9° giorno - (28.08.2018) - KONSO-YABELO
Trasferimento verso Yabelo. Il viaggio si snoda verso l'altopiano di Tertele' abitato dai Borana e dai Gabra. I Borana, discendenti dei primi gruppi Oromo, hanno un atteggiamento altero e staccato verso quasi tutte le tribù e gli estranei. Pastori con mandrie principalmente composte di zebù e dromedari, mantengono la loro particolare organizzazione sociale improntata al grande spirito di cooperazione. Si prosegue per El Sod, villaggio posto sull' orlo di un cratere vulcanico ormai spento. Dopo una breve sosta al villaggio, si scende a piedi lungo una mulattiera che conduce al lago salato che giace sul fondo del cratere (350 mt. di dislivello). Dall' alto questo lago appare come una macchia nera circondata da chiazze rossastre. In questo ambiente di eccezionale bellezza le condizioni di vita sono molto dure, gli abitanti del villaggio continuano ad estrarre il sale secondo tecniche antiche e immutate nel tempo. Questa visione è sicuramente uno dei momenti più intensi del viaggio, sia per i colori che per il contesto sociale in cui si svolge la vita lavorativa.Cena e pernottamento a Yabelo (Yabelo Mobil Hotel o similare)
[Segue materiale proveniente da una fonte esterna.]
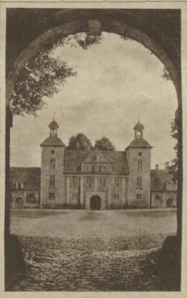
Torhaus des Gutes Bothkamp bei Kiel.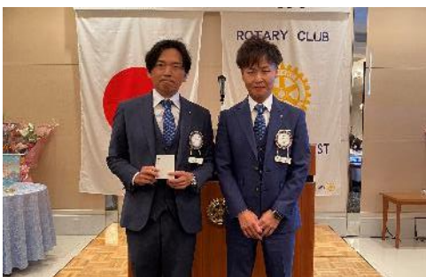
(左から継岩副会長、三橋前年度副会長)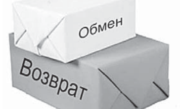
Купил жене в магазине зарядное устройство для мобильного телефона, на следующий день оно сошло. Как вернуть деньги или обменять товар? К сожалению, чек я при покупке не взял, но на коробке есть ценник с названием магазина, товара, ценой и серийным номером.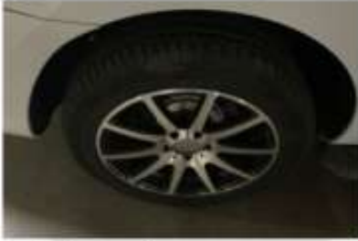
Sağ Arka Lastik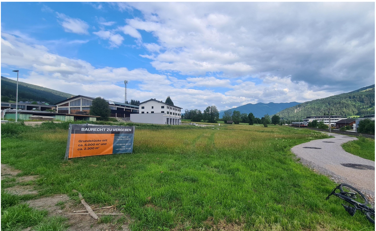
Blick Richtung Radstadt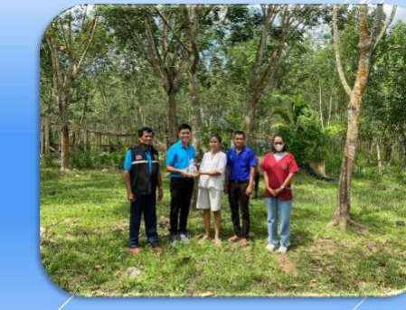
วันที่ 27 ตุลาคม 2566 ตรวจสอบ ปราณีฟาร์ม ณ อำเภอกำแพงแสน

10° giorno - (29.08.2018) - YABELO-YERGALEM
Inizia il nostro rientro verso Addia Ababa, lungo il percorso visita ad un villaggio Sidamo con escursione in una piantagione di caffè.Cena e pernottamento a Yergalem. (Aregash lodge o similare)

11° giorno - (30.08.2018) - YERGALEM-ADDIS ABABA
Trasferimento ad Addis Ababa. Cena in ristorante tradizionale e trasferimento in aeroporto.In tarda serata partenza con volo di linea per Milano Malpensa. (Day Use Sabon hotel)

12° giorno - (31.08.2018) - ADDIS ABABA-MILANONel tardo pomeriggio arrivo all'aeroporto di Milano Malpensa.